The course was very good (meter: Byk / Gardner company - Wave scan plus: Long wave: 2.8, Short wave: 15.5).

The mechanical dynamic properties of the clearcoat 1 were determined using self-supporting films with a layer thickness of 40 μm using Dynamic Mechanical Thermal Analysis (DMTA). The measuring frequency was 1 Hz, the amplitude at 0.2% and the heating rate at 2 ° C / min from - 30 ° C to + 200 ⁰ C (see also the German patent application DE 102 24 381 A1, page 5, paragraph [0047]). The following values were measured:

Loss factor tangent delta = 0.1 at 48 ° C;

Maximum of the loss factor tangent delta at 83 ⁰ C; Loss modulus E "(max) at 63 ° C and storage modulus E '(min) = 1, 4x10 ⁷ .

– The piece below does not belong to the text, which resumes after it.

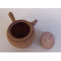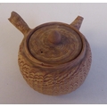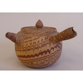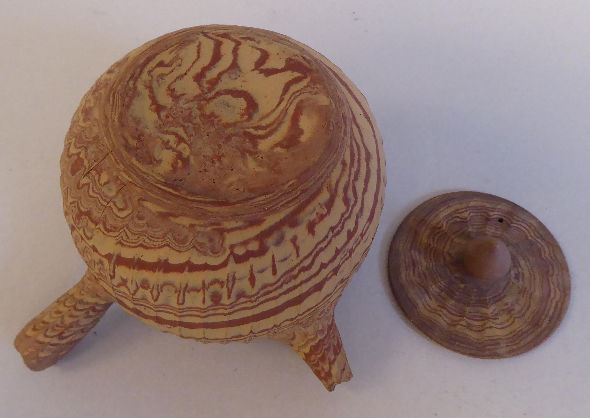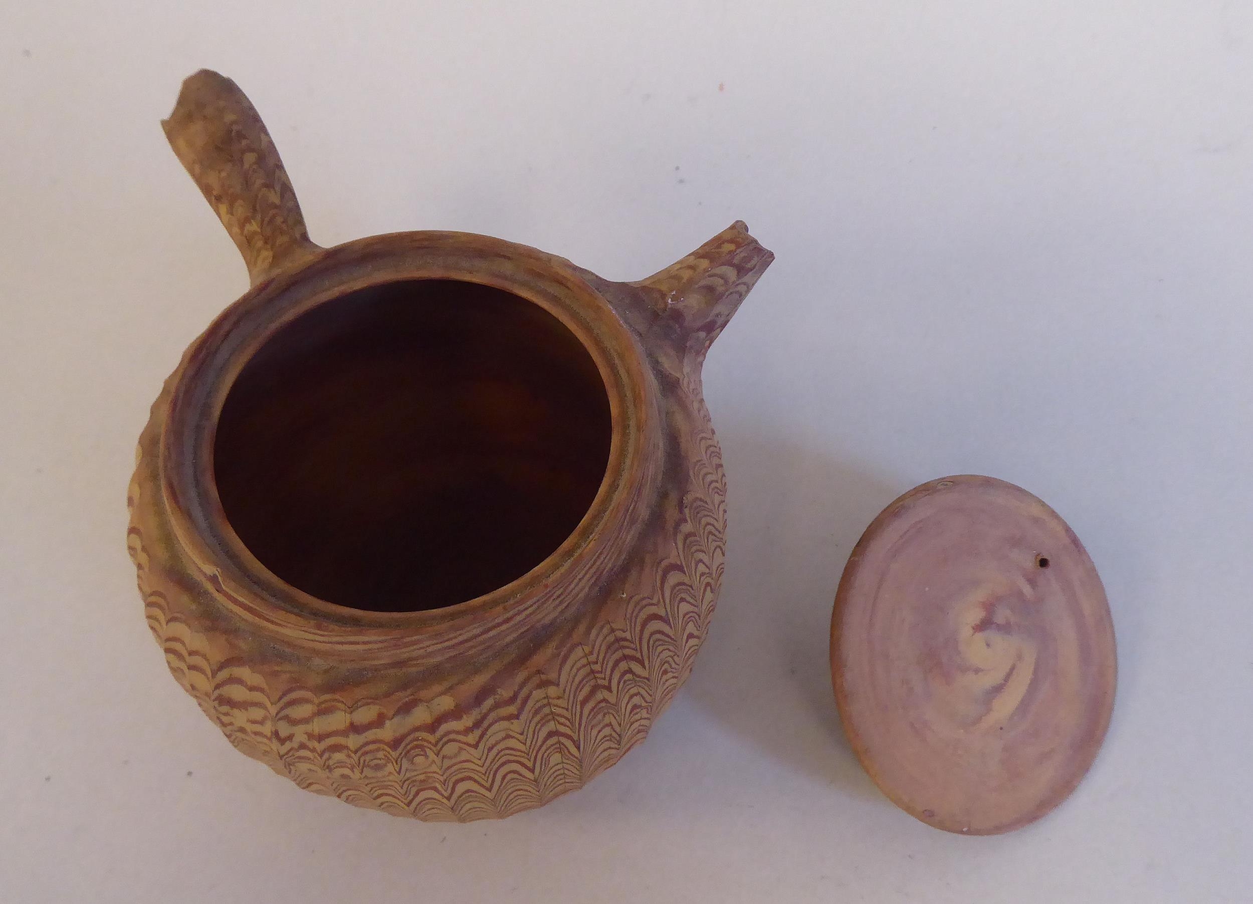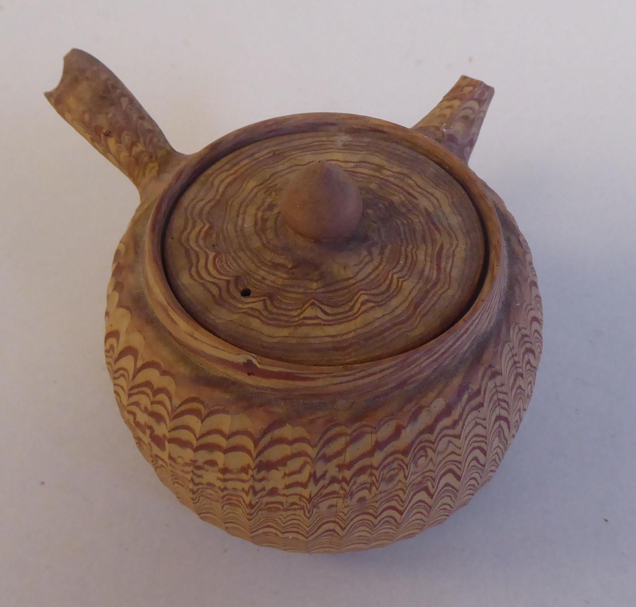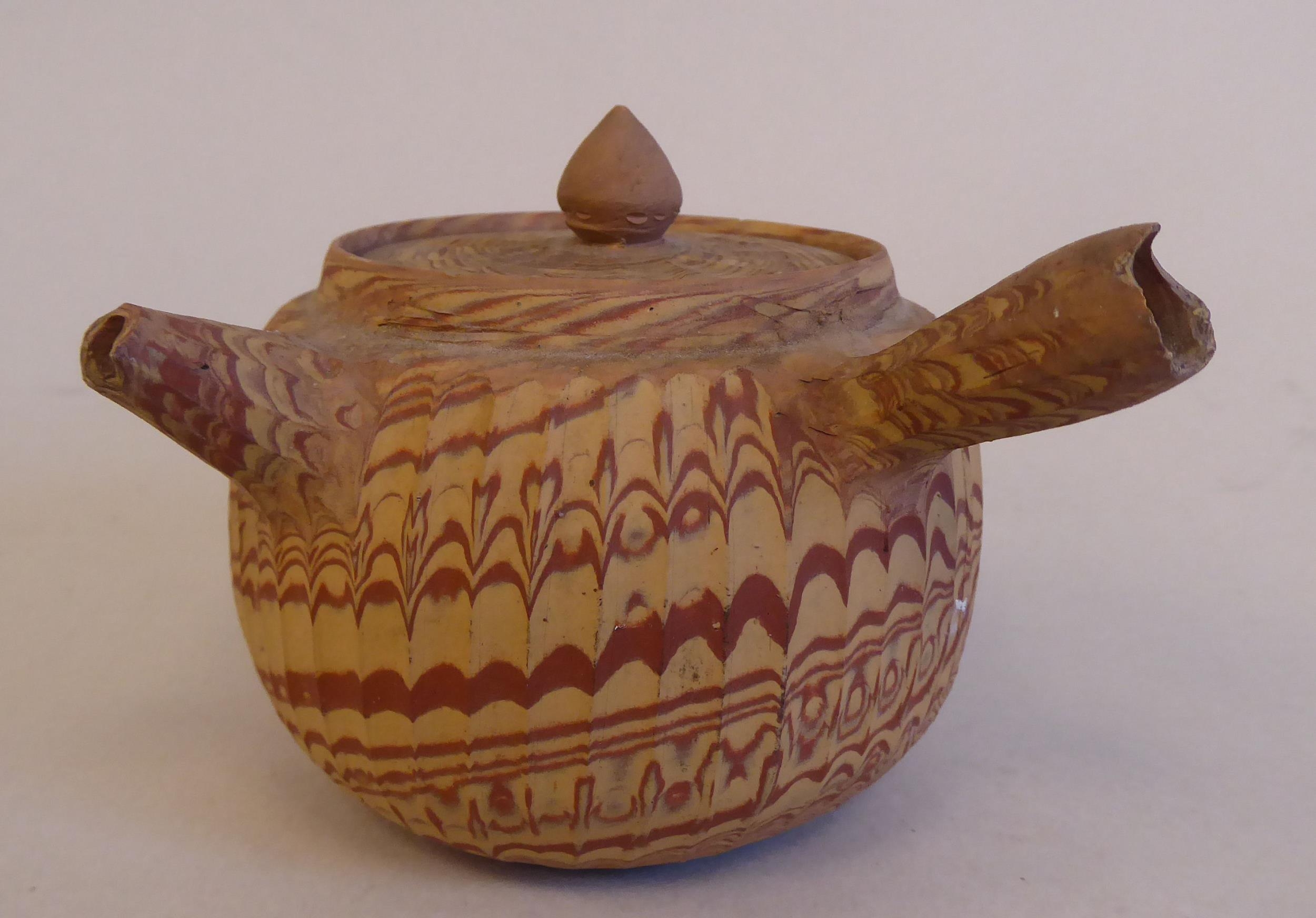 An antique Japanese agate ware Saki pot of bulbous form with a short spout, side handle and cover

The measured values underpin the excellent hardness, flexibility, crosslinking density and scratch resistance of the clearcoat 1.

Claims

claims

1. Of molybdenum and tungsten compounds free, curable mixtures containing

(A) a complementary reactive system containing blocked

Isocyanate groups (a1) and isocyanate-reactive functional groups (a2), as well as

(B) at least one Cesiumverbiπdung.

2. Mixtures according to claim 1, characterized in that the cesium compounds are cesium salts.

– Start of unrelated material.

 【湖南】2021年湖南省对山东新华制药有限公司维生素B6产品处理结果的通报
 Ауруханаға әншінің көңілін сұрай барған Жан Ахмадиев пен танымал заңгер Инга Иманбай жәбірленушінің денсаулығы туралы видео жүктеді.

3. Mixtures according to claim 1 or 2, characterized in that the anions of the cesium salts from the group consisting of F ^" , Cl ^" , CIO, CIO ₃ ^' , CIO ₄ ^' , Br ^" , I ^" ,

JO ₃ ^" , CN ^' , OCN ^" , SCN ^' , NO ₂ ^' , NO ₃ ^" , HCO ₃ ^" , CO ₃ ^{2 "} , SiO ₄ ^2" , SiF ₆ ^{2 "} , S ^2" , SH ^" , HSO ₃ ^' , SO ₃ ^{2 "} , HSO ₄ ^" , SO ₄ ^{2 "} , S ₂ O ₂ ^{2 '} , S ₂ O ₄ ^2" , S ₂ O ₅ ^2' , S ₂ O ₆ ^{2 "} , S ₂ O ₇ ^2" , S ₂ O ₈ ^{2 "} , R (-SO ₃ ^" ) _n , H ₂ PO ₂ -, H ₂ PO ₃ -, HPO ₃ ^{2 "} , R (-PHO ₃ ^" ) _n , R (-PO ₃ ^{2 "} ) _n , H ₂ PO ₄ ^" , HPO ₄ ^2" , PO ₄ ^{3 '} , P ₂ O ₇ ^4' , PF ₆ ^{3 "} , R (-O ^" ) _n and R (-COO ^" ) _n , wherein the variable R stands for n-bonded organic radicals and n is a number from 1 to 10, are selected.

4. Mixtures according to one of claims 1 to 3, characterized in that the complementary reactive system (A) at least one self-crosslinking component (A1 / 2), the statistical average of at least two blocked isocyanate groups (a1) and at least one isocyanate-reactive, functional

Group (a2) or at least one blocked isocyanate group (a1) and contains at least two isocyanate-reactive functional groups (a2), or consists thereof.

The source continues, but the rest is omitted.